==== DATA SHOWN

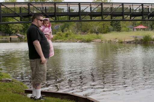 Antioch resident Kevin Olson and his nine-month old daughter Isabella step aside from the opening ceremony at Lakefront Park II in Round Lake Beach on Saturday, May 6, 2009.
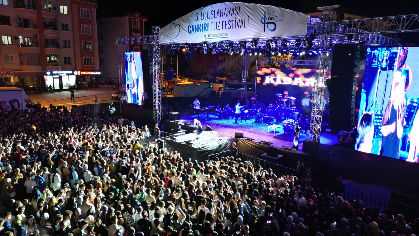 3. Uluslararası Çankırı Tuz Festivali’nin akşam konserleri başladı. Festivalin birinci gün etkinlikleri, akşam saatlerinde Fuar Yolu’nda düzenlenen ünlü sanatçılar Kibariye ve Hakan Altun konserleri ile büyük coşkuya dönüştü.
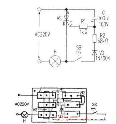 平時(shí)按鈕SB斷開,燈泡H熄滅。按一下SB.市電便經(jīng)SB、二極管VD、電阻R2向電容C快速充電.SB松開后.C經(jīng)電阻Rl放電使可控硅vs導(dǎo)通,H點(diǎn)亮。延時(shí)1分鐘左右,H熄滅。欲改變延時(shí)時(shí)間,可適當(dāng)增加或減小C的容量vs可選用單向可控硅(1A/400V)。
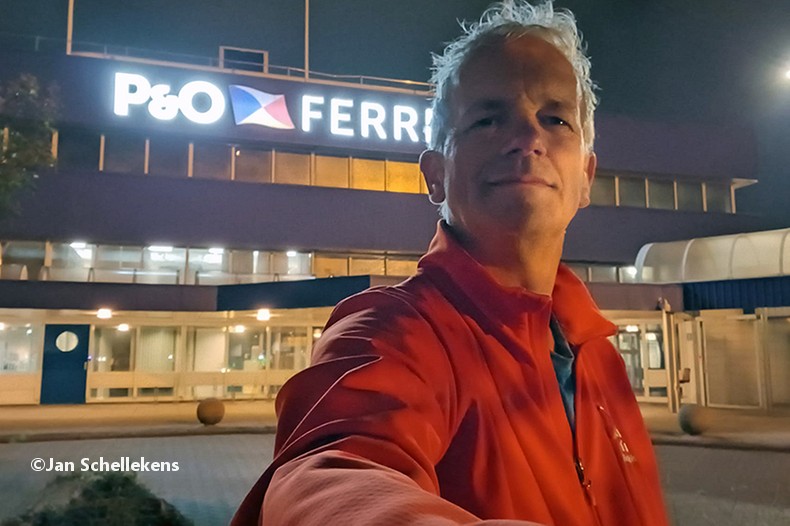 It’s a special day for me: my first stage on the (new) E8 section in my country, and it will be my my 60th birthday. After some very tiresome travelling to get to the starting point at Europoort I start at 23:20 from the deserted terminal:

========

## WORK TO BE COMPLETED
Return the whole of the material above exactly, with no picture carried over.

## TASK RESULT
 Antioch resident Kevin Olson and his nine-month old daughter Isabella step aside from the opening ceremony at Lakefront Park II in Round Lake Beach on Saturday, May 6, 2009.
 3. Uluslararası Çankırı Tuz Festivali’nin akşam konserleri başladı. Festivalin birinci gün etkinlikleri, akşam saatlerinde Fuar Yolu’nda düzenlenen ünlü sanatçılar Kibariye ve Hakan Altun konserleri ile büyük coşkuya dönüştü.
 平時(shí)按鈕SB斷開,燈泡H熄滅。按一下SB.市電便經(jīng)SB、二極管VD、電阻R2向電容C快速充電.SB松開后.C經(jīng)電阻Rl放電使可控硅vs導(dǎo)通,H點(diǎn)亮。延時(shí)1分鐘左右,H熄滅。欲改變延時(shí)時(shí)間,可適當(dāng)增加或減小C的容量vs可選用單向可控硅(1A/400V)。
 It’s a special day for me: my first stage on the (new) E8 section in my country, and it will be my my 60th birthday. After some very tiresome travelling to get to the starting point at Europoort I start at 23:20 from the deserted terminal:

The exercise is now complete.